В этой ситуации с ее амплитудой колебаний от "одно" к "ничего" обычные психологические стереотипы, естественно, нарушаются. И обыкновенный мир приобретает отчетливые приметы странности. Сочетанием ^странный и обыкновенный", как справедливо отмечалось в, одной из первых рецензий на публикацию "Джан", высказано существо поэтического мира повести [5].
Собственно легенду открывает встреча Чагатаева с верблюдом (эмблемой пустыни). Встреча эта символична: с нее начинается цепь спасения героем, существ несчастных, обреченных на гибель.
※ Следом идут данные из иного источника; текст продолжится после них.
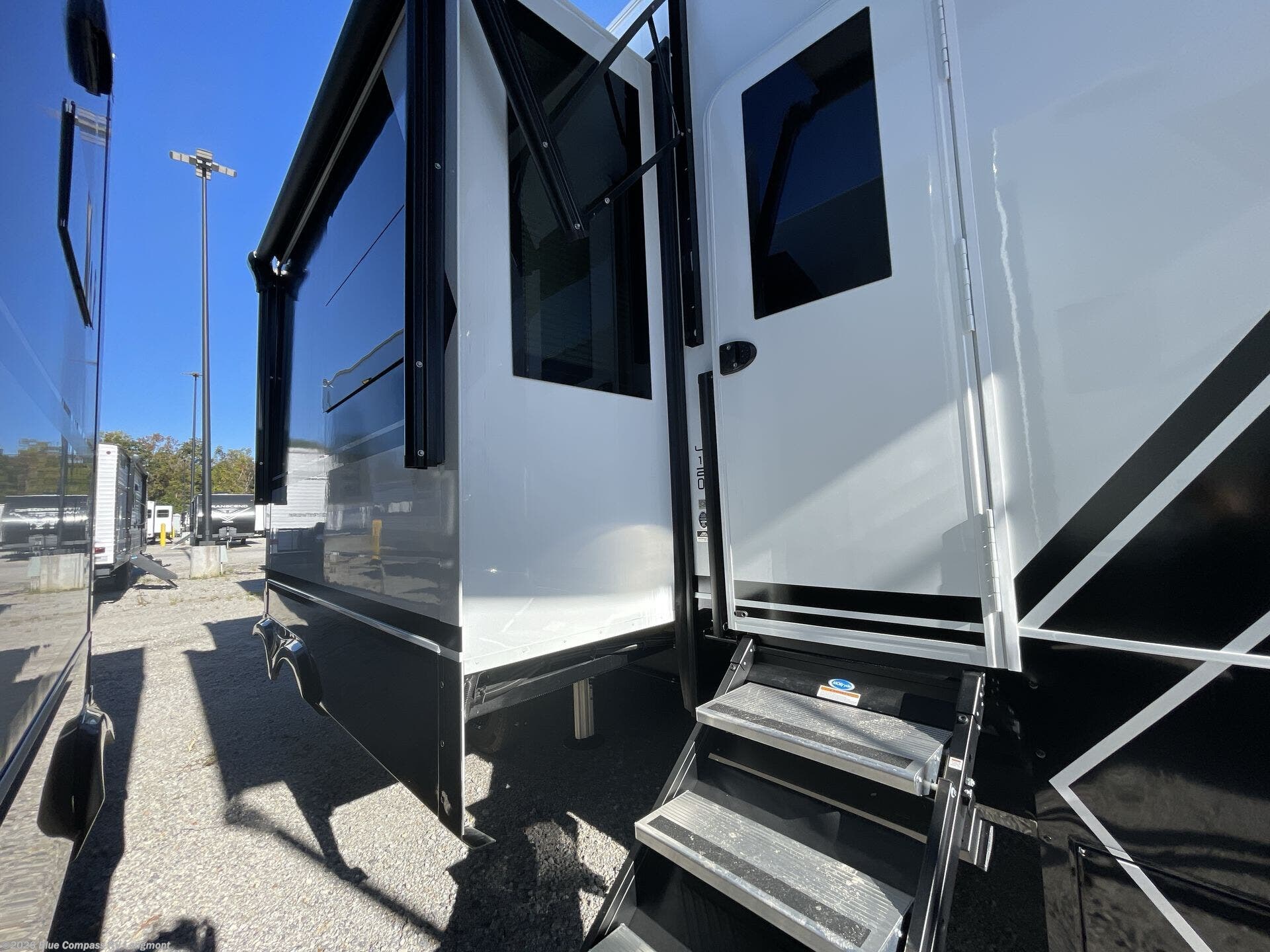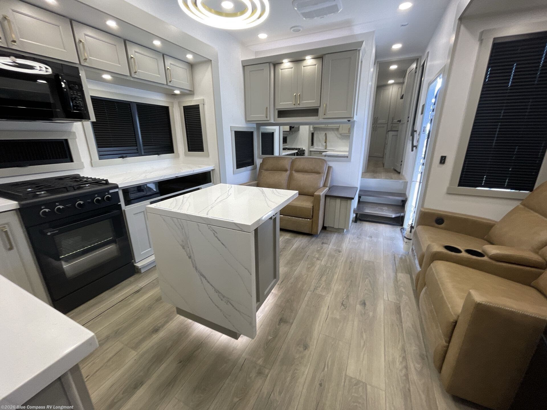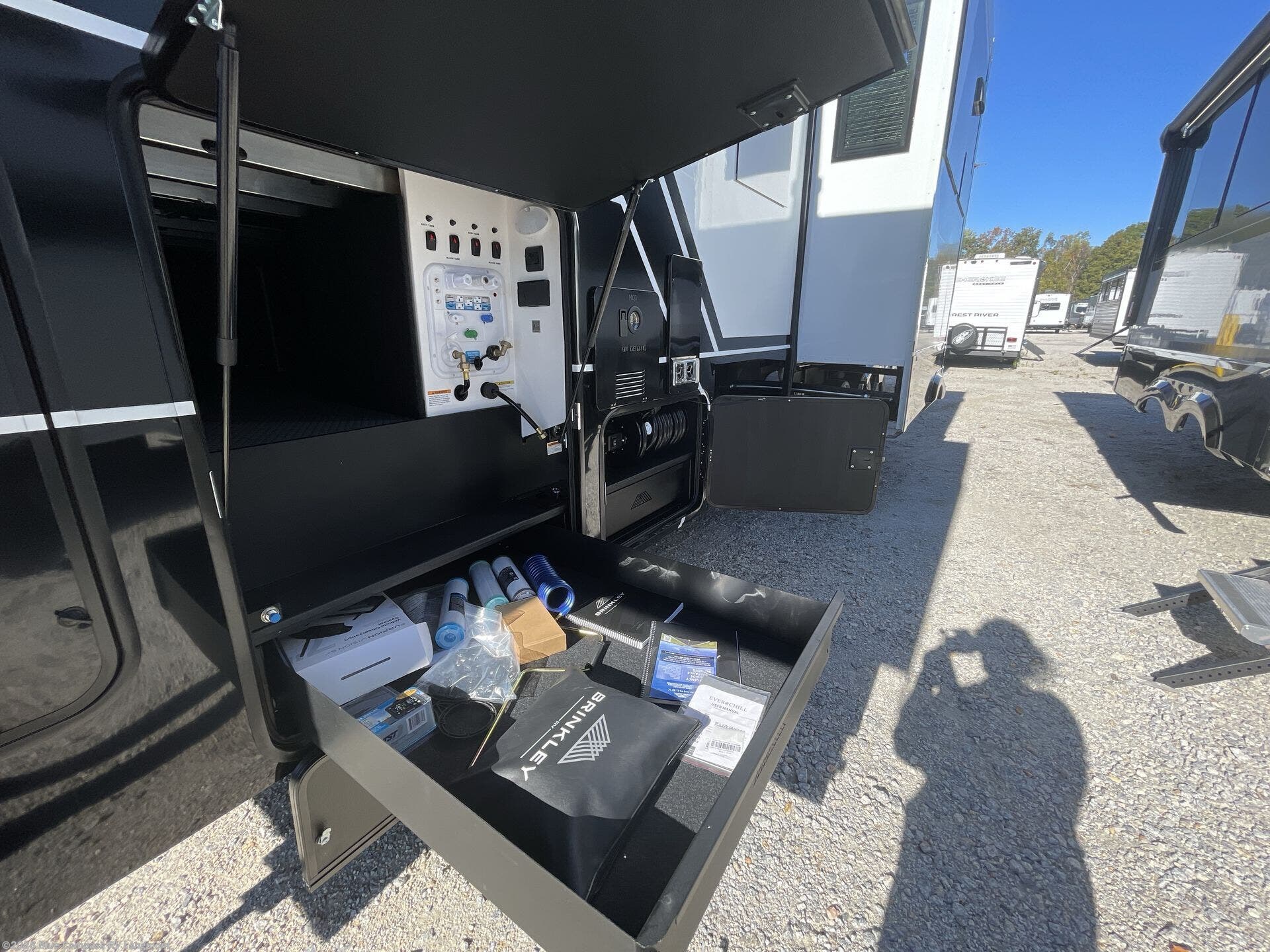 With any Model G toy hauler fifth wheel by Brinkley you will enjoy luxurious amenities, tons of storage space, and innovative features that have been developed and tested in the real world. Durable construction includes an industry leading PDI process, an industry best insulation package, and reinforced and walkable slide roofs. Some of the exterior features you'll find are a 3-way pass-through with a multi-functional flip-up bulkhead wall, under I-beam storage, a MAX-Vision reverse lighting system, and a low-maintenance roof to name a few. A Rockford Fosgate audio system comes standard, along with a Full app-based coach control system (iOS & Android) that lets you control your fifth wheel's functions right from your mobile device. You will find the solar system with a designated storage area to be ultra convenient, plus there is a FlexPower 5500 with a dual fuel inverter generator for all your power needs. Head inside to find a residential interior with Brinkley's CraftSense wood trim construction, floating entrance steps, integrated window screens and insulated blackout blinds, and residential solid surface countertops plus backsplash. You will also enjoy the neon shower lighting and recessed medicine cabinets in the bath, plus motion activated LED bed lights and dual bedside outlets in the bedroom. Choose a Model G toy hauler fifth wheel to experience all the luxury it has to offer!

Недаром верблюд предельно очеловечен, он глядит на Назара "напряженно и внимательно, готовый заплакать или улыбнуться, мучающийся от неумения сделать и то и другое".
Если в Москве возвращение на родину ощущалось Чагатаевым как долг, то в пустыне оно переосмысляется уже как миссия: герой призван исправить несовершенство мира и тогда осуществится "счастливое назначение людей как необходимое и непременное". Ключ к самоощущениям героя - в таких строках повести: "Все было странно для него в этом существующем мире, сделанном как будто для краткой насмешливой игры. Но эта нарочная игра затянулась надолго, на вечность, и смеяться никто уже не хочет, не может. Пустая земля пустыни, верблюд, даже бродячая жалкая трава - ведь все должно быть серьезным, великим и торжествующим.
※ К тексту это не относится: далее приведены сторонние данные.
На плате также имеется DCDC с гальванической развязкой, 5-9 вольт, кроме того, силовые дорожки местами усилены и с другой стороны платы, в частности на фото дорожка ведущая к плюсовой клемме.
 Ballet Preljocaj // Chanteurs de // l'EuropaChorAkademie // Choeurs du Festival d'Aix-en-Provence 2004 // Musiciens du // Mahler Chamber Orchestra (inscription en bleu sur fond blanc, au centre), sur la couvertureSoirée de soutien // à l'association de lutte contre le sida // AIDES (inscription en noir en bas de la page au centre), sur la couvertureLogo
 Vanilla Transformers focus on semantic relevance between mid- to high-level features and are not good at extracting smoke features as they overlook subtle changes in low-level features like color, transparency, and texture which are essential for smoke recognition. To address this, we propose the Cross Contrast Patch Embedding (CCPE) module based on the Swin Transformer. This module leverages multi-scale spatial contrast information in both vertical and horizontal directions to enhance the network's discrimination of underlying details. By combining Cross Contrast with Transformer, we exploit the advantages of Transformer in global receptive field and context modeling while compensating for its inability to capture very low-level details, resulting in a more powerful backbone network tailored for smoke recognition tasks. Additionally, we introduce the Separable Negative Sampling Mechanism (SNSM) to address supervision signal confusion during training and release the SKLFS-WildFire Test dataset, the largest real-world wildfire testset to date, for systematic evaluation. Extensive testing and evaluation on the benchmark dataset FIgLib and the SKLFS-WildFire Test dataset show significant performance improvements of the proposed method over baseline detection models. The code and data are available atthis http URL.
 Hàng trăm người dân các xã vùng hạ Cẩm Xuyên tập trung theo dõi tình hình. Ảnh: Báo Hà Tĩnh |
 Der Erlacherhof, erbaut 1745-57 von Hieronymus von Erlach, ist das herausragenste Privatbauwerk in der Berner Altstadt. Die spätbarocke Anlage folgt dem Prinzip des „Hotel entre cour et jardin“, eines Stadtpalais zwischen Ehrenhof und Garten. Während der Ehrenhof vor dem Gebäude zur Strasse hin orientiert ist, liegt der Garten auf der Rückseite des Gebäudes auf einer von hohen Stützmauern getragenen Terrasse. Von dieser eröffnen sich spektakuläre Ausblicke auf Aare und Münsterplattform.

Это "должно быть" и взывает к активности Назара. Еще настоятельнее подобный же призыв звучит в словах девочки Айдым, обращенных ко всей взрослым и сильным, а значит - к Назару. "Девочка смотрела на Чагатаева странным человеческим взглядом, который он старался понять: - Отчего здесь плохо, когда мне надо хорошо?". "Надо", исходящее от всего бедного и потерянного человечества, и "должно" - от постигшего несправедливость мира сильного человека - слились и породили подвиг Чагатаева. В ситуации "у последней черты" он мог воплотиться только в спасении народа джан от тяготеющей над ним смерти, сохранении "целости" каждого человека и всего народа.
Новый драматизм в миссию Чагатаева вносит появление в "камышовой стране" Нур-Мухаммеда, уполномоченного из центра, одновременно обладающего всеми приметами легендарного злодея. У него своя задача - добиться исчезновения народа джан, "дабы посчитали его несуществующим".
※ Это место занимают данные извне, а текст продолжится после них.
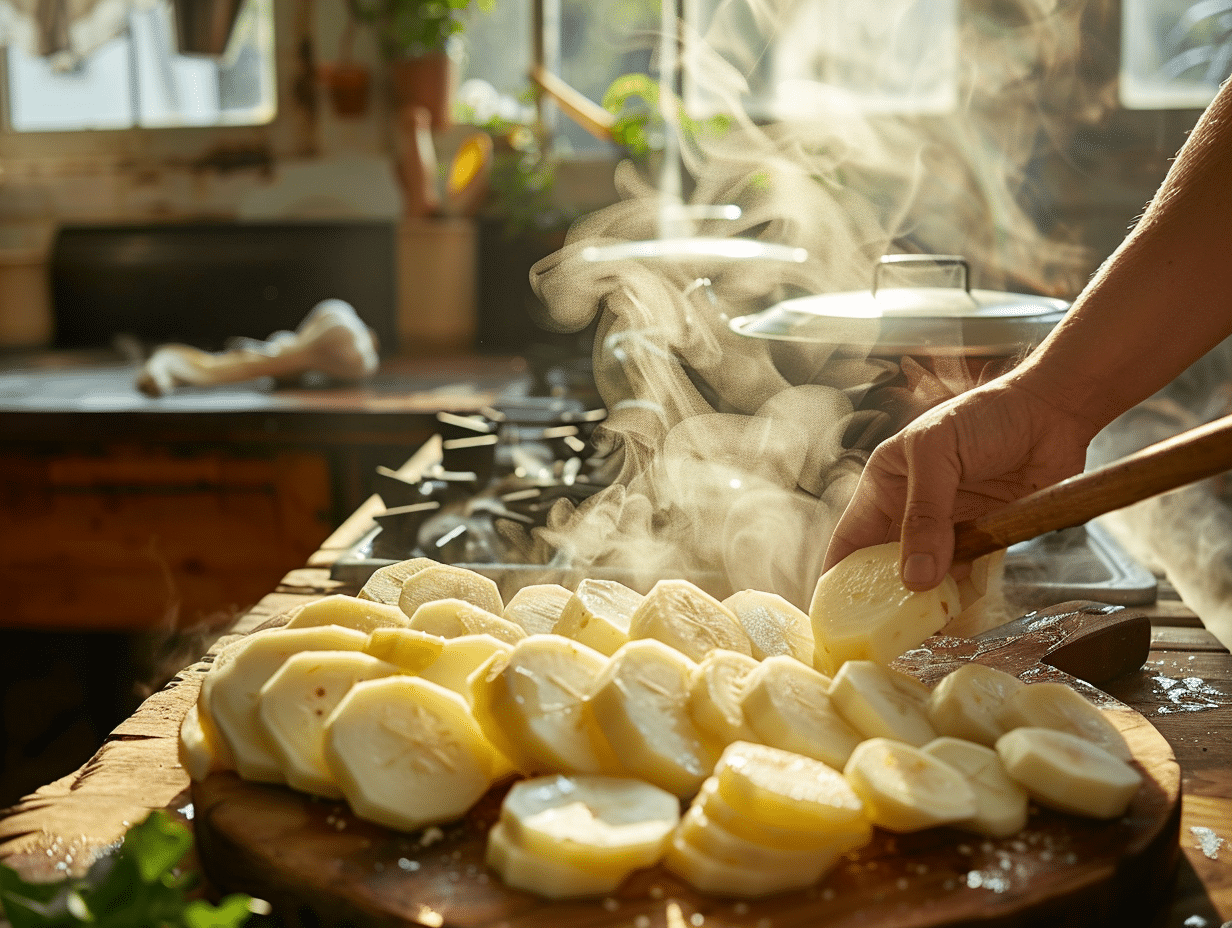 Une fois le manioc sécurisé, la préparation s’entame. Épluchez la racine avec soin, puis découpez-la en morceaux réguliers pour favoriser une cuisson homogène. Gardez les morceaux de manioc dans un lieu sec et à l’ombre avant leur utilisation, pour préserver leur qualité optimale.
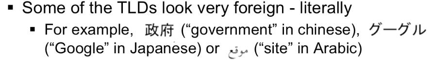 Look at the example below , it shows how .gove is writtent in chinese , Google in Japanese and site in Arabic .
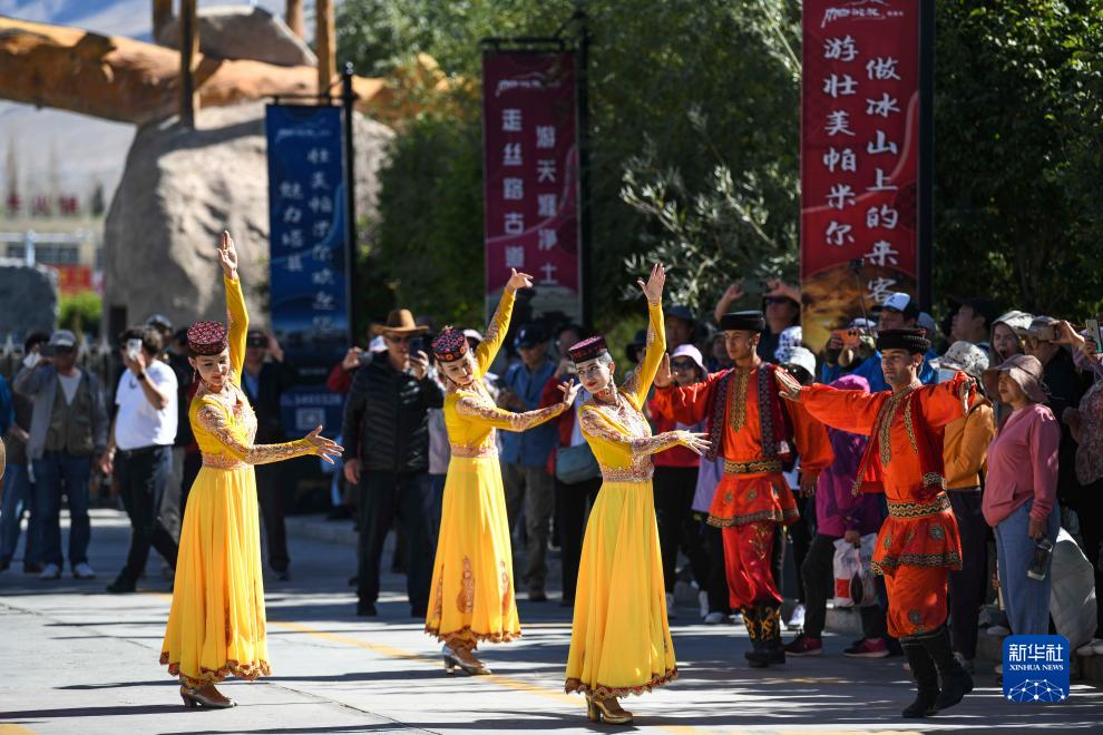 在新疆塔什庫爾幹塔吉克自治縣帕米爾旅游區游客服務中心,文工團演員跳舞歡迎游客(8月29日攝)。
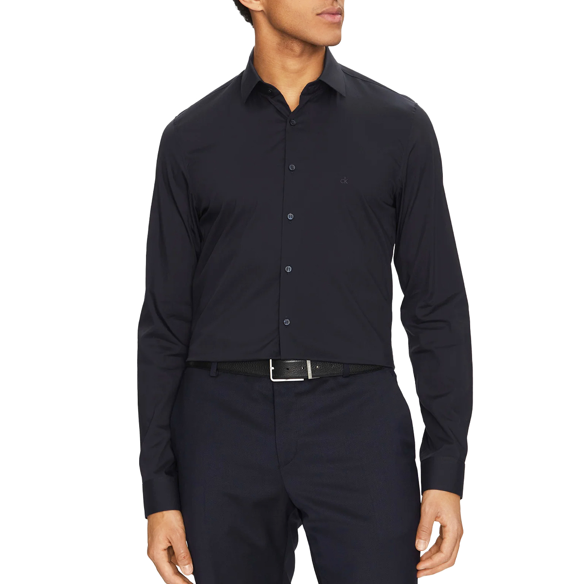 SHIRT, FOR MEN, BASIC COLLAR, SLIM FIT, LONG SLEEVES, SOLID COLOUR, EMBROIDERED LOGO

Но еще более миссия Чагатаева усложнена тем, что сам народ не хочет жить: он устал "от напряжения удержать себя живым". И это естественно, поскольку, как понимает Назар (а за ним, безусловно, стоит автор повести), "рабский труд, измождение, эксплуатация никогда не занимают одну лишь физическую силу, одни руки, нет - и весь разум и сердце также, и душа уничтожается первой, затем опадает и тело, и тогда человек прячется в смерть". Чагатаев как раз и застает народ джан в тот момент, когда душа его уже уничтожена, почти совсем опало тело и люди готовы спрятаться в смерть. Эта поэтическая метафора материализуется в сцене, где народ, ведомый Нур-Мухаммедом, попадает в буран, и люди, срывая одежды, в отчаянии зарываются в песок, чтобы больше не встать.
Путь народа от смерти к жизни закономерно переосмыслен в "Джан", "как дуть к "счастью": поскольку в ситуации "у последней черты" избежать смерти - и есть самое большое счастье.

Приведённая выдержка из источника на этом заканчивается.